Furthermore, our results reinforce and expand upon the evidence presented by Gonçalves et al. (2021), who reported that the R-Optimized administration significantly improves the formal quality of responses in the Zulliger test. Their findings revealed greater consistency and organization in collected data when employing this methodology. By specifically analyzing the impact of R-optimization on Form Quality within the Zulliger-SC, our study confirms that standardizing and optimizing administration reduces distorted or inconsistent responses, enhancing the instrument’s reliability. Taken together, these aligned findings substantiate the incremental validity of the R-Optimized approach and highlight its potential to increase both rigor and precision in projective psychological assessment.
Finally, the R-Optimized procedure minimizes the risk of excessively short protocols which require re-administration by encouraging a moderate and standardized number of responses (three to five per card), thereby improving clinical efficiency.
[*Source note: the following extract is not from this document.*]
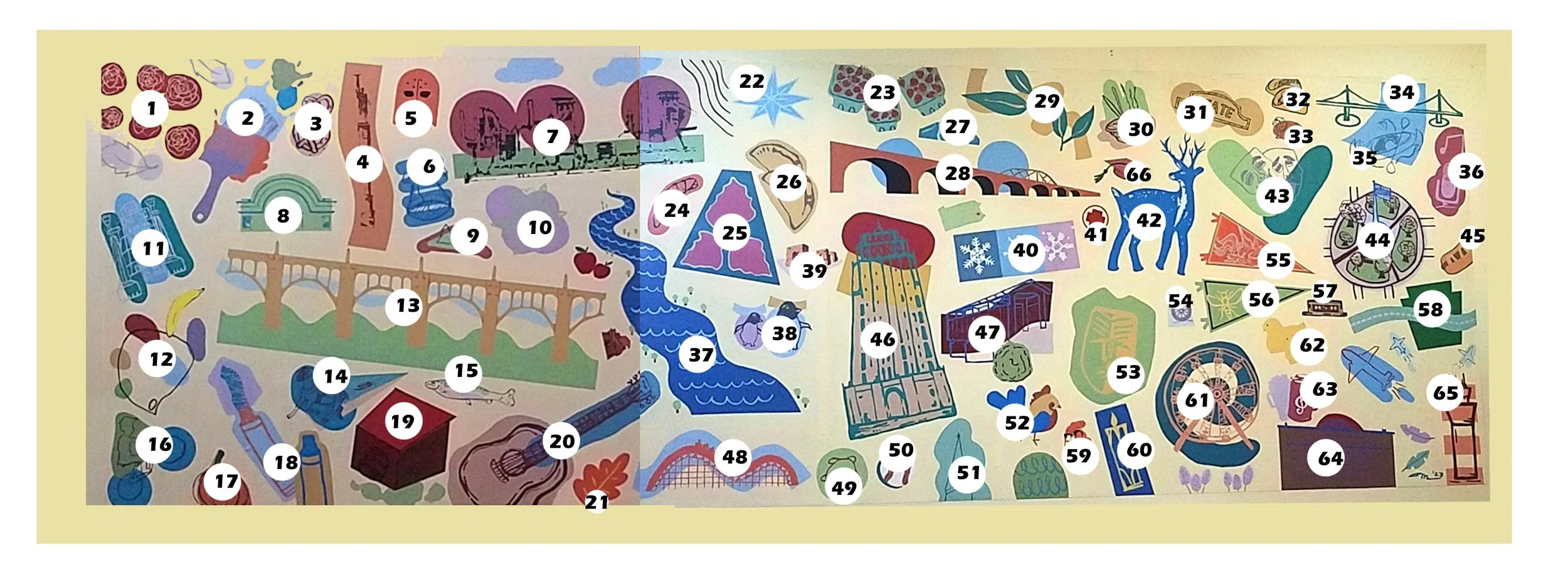 This mural entitled “Valley Wide” was made as a collaboration between muralist Matt Halm and over 40 students from Emmaus High School, in Emmaus, PA and Building 21 High School, in Allentown, PA. Over a two-month residency, students were introduced to and engaged in all aspects of mural-making including concept creation, visual research, image transferal, drawing, and painting. The mural was painted on flexible cloth panels which were permanently installed in this space. This beautiful and vibrant piece highlights the many landmarks, natural wonders, and culinary delights of the Lehigh Valley through student illustrations and vignettes.

Importantly, no increase in perceptual distortion (FQ-) was observed, confirming that the procedure is non-pathologizing and preserves interpretive validity. This standardization is intended to promote greater consistency across protocols and to control for potential effects of response quantity on test results. Based on these findings and prior studies, the authors opted to retain the recommendation of a minimum and maximum number of responses per card in the Zulliger-SC. As a result, the next edition of the Zulliger-SC manual in Brazil will include updated normative tables based on a sample tested with R-Optimized instructions. Future studies with larger clinical and non-clinical samples should examine whether R-Optimization also benefits other variables (e.g., special codes).